----- MATERIAL PROVIDED -----
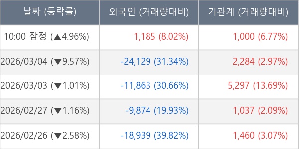 [표] 외국인ㆍ기관 순매매량 (단위 주)
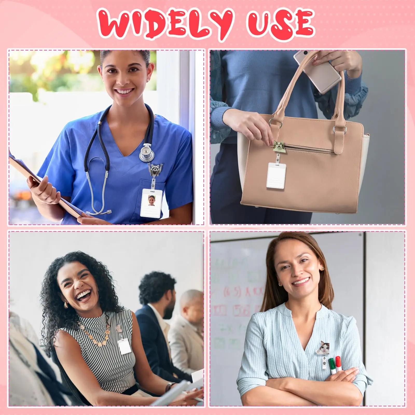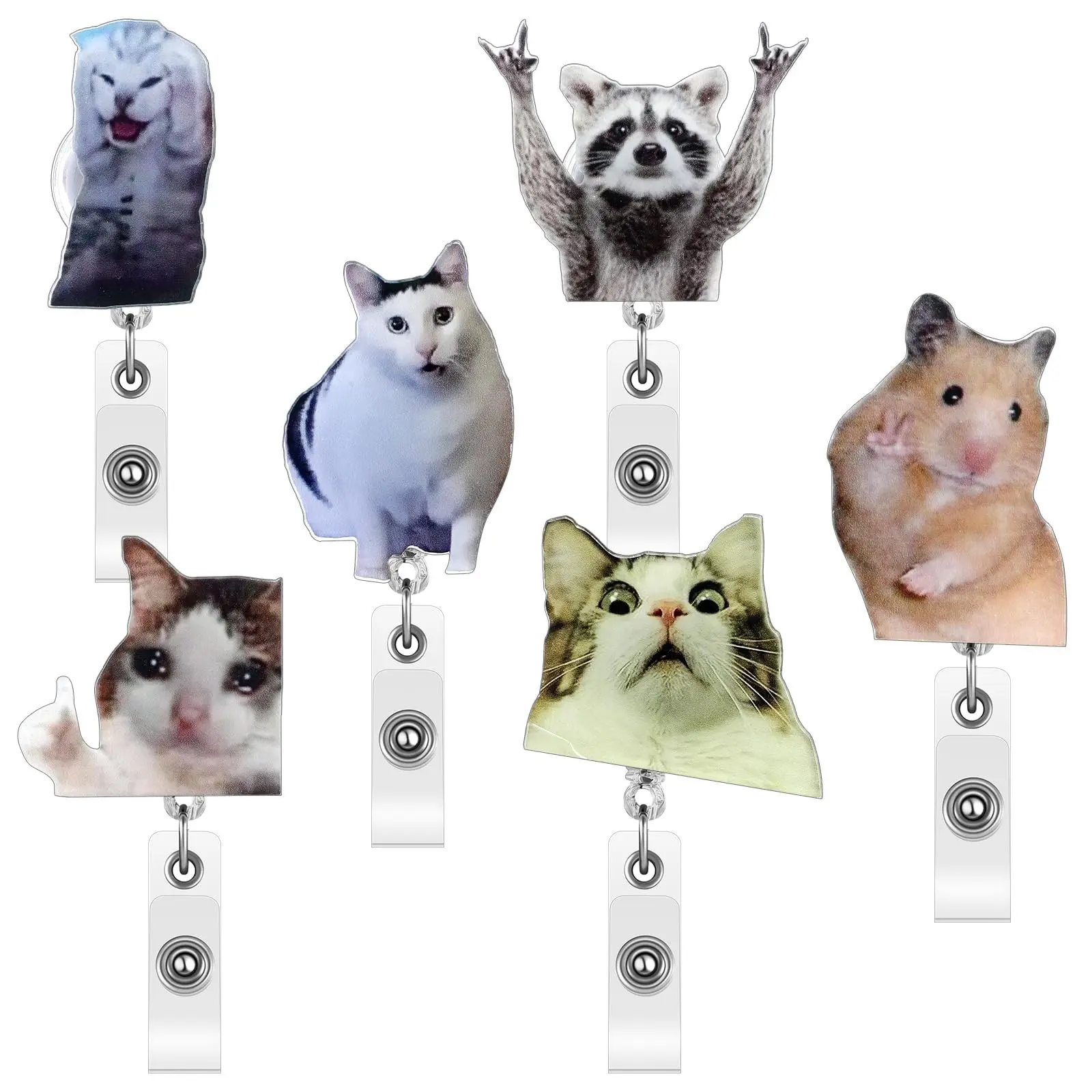 Cute Cat Badge Set 6pcs Cat meme Badge Reel Animal Pins Badge Reel Acrylic Card Holder Retractable Badge with Alligator Clip for Nurse Doctor Medical Healthcare Worker Student Office School Teacher, Expressive Mood Accessories
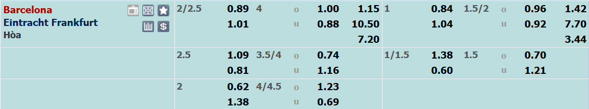 Kèo tài/xỉu: Tài - Barcelona đã ghi 12 bàn qua 5 trận đấu ở cúp C1 châu Âu mùa này. Trong khi đó, Frankfurt đã phải vào lưới nhặt bóng tới 14 lần. Do đó, Barcelona hoàn toàn có thể tạo nên cơn mưa bàn thắng.
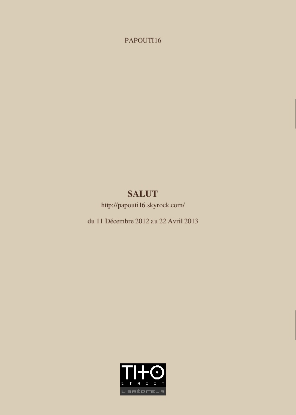 PAPOUTI16 made the blook of their their blog Skyrock ! Support their creativity by buying their blook or create your own now on BlookUp!
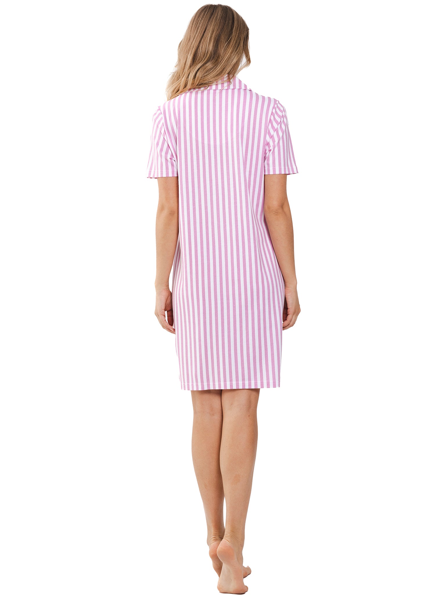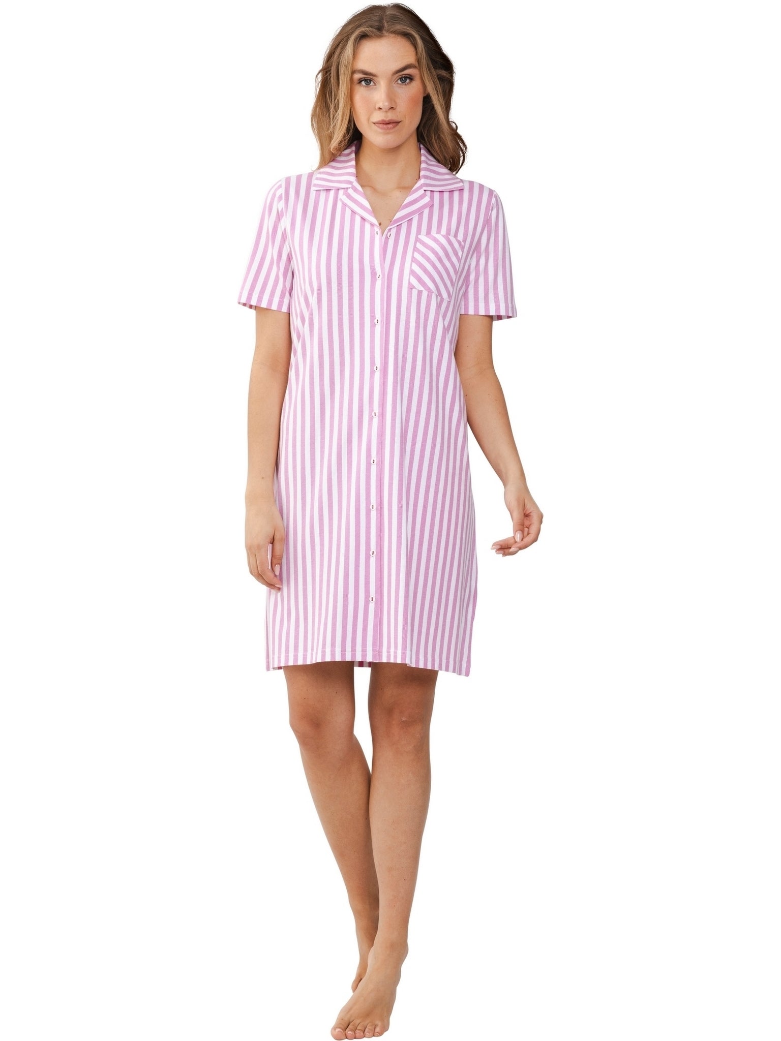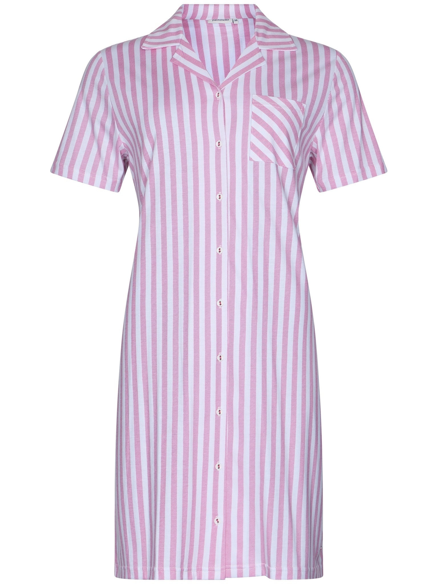 Dit mooie nachthemd komt uit de Pink Dream serie van Pastunette. Het nachthemd heeft een wit met roze gestreept patroon, en is voorzien van een doorknoopsluiting, korte mouwen en een reverskraag. Een leuk detail is het borstzakje, dat het streepdessin in diagonale richting toont, wat het een speelse uitstraling geeft.
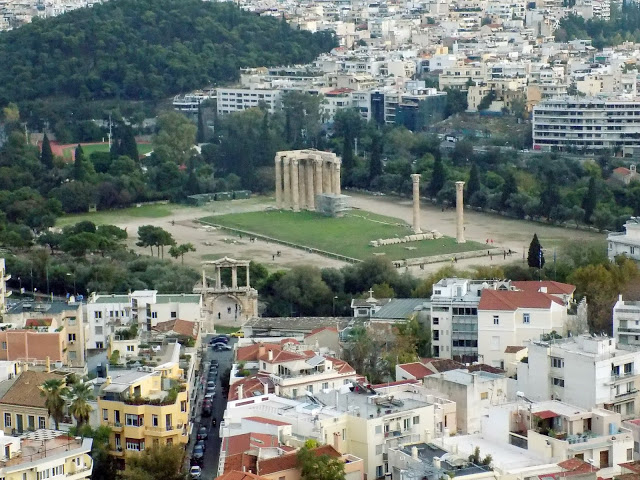 | A Hadrianus diadalív és a Zeusz templom a magasból. Innen látszik, mennyire hatalmas volt. |
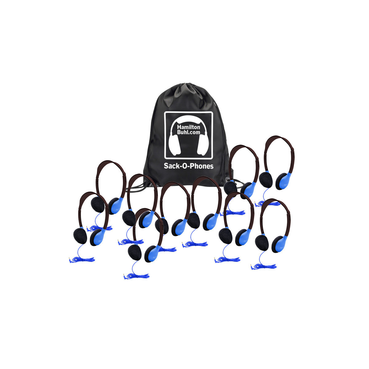 This pack includes 10 personal-sized Blue (HA2-BLU), on-ear headphones – the ruggedly constructed, robust yet lightweight headphone – ideal for today's tech-filled classrooms or working and studying remotely. HA2 headphones not only provide rugged durability and high quality sound, but the lightweight, on-ear design allows for all-day comfort and easy compact storage.
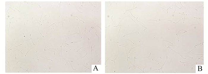 图 2 小鼠精子凝集实验 A:未免疫血清与小鼠精子反应; B:mCRISP 1抗血清(1:10稀释)与小鼠精子反应。两组精子均未见明显凝集现象(×200) |
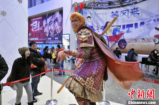 12月26日,一尊高3米的孙悟空蜡像亮相福州某电影院,吸人眼球。据悉,该款孙悟空蜡像全球限量99尊,售价5万元人民币。中新社发 吕明 摄
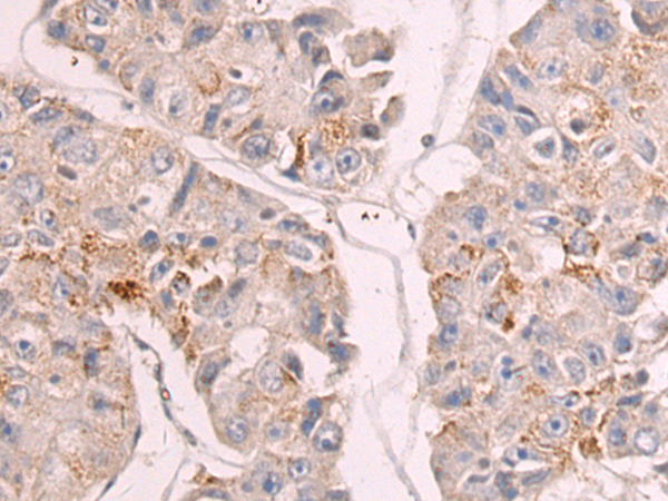 Immunohistochemistry analysis of paraffin-embedded Human liver cancer using GDF9 antibody. High-pressure and temperature Sodium Citrate pH 6.0 was used for antigen retrieval.
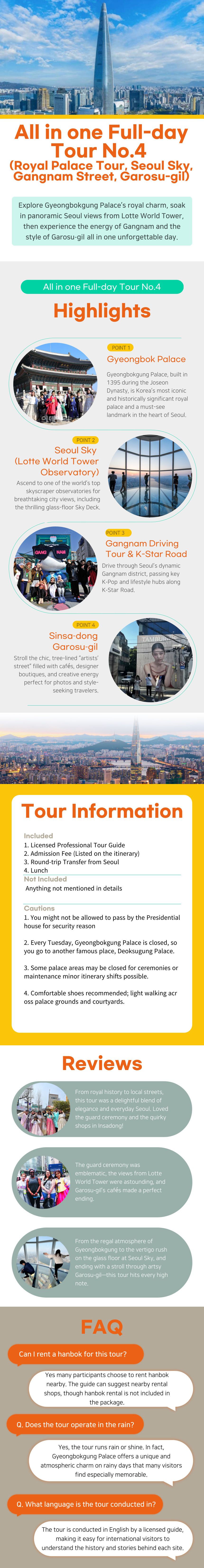 Review for : [Small Group Tour] All in one Full-day Tour No.4 (Royal Palace Tour, Seoul Sky, Gangnam Street, Garosu-gil)
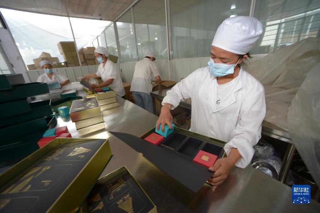 8月26日,工人在贵州省黔东南苗族侗族自治州丹寨金钟经济开发区一家茶叶生产企业的包装生产线忙碌。
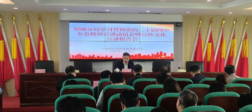 11月14日,市生态环境局增城分局召开宣讲报告会,认真学习贯彻党的二十届四中全会精神、习近平总书记视察广东和出席第十五届全国运动会开幕式重要讲话重要指示精神。局党组书记、局长汤宇杰作主题宣讲报告。
-----
Leaving every picture out, please copy exactly the lines from the one holding "This pack includes" through the last line of the listing, both ends included.

 This pack includes 10 personal-sized Blue (HA2-BLU), on-ear headphones – the ruggedly constructed, robust yet lightweight headphone – ideal for today's tech-filled classrooms or working and studying remotely. HA2 headphones not only provide rugged durability and high quality sound, but the lightweight, on-ear design allows for all-day comfort and easy compact storage.
 图 2 小鼠精子凝集实验 A:未免疫血清与小鼠精子反应; B:mCRISP 1抗血清(1:10稀释)与小鼠精子反应。两组精子均未见明显凝集现象(×200) |
 12月26日,一尊高3米的孙悟空蜡像亮相福州某电影院,吸人眼球。据悉,该款孙悟空蜡像全球限量99尊,售价5万元人民币。中新社发 吕明 摄
 Immunohistochemistry analysis of paraffin-embedded Human liver cancer using GDF9 antibody. High-pressure and temperature Sodium Citrate pH 6.0 was used for antigen retrieval.
 Review for : [Small Group Tour] All in one Full-day Tour No.4 (Royal Palace Tour, Seoul Sky, Gangnam Street, Garosu-gil)
 8月26日,工人在贵州省黔东南苗族侗族自治州丹寨金钟经济开发区一家茶叶生产企业的包装生产线忙碌。
 11月14日,市生态环境局增城分局召开宣讲报告会,认真学习贯彻党的二十届四中全会精神、习近平总书记视察广东和出席第十五届全国运动会开幕式重要讲话重要指示精神。局党组书记、局长汤宇杰作主题宣讲报告。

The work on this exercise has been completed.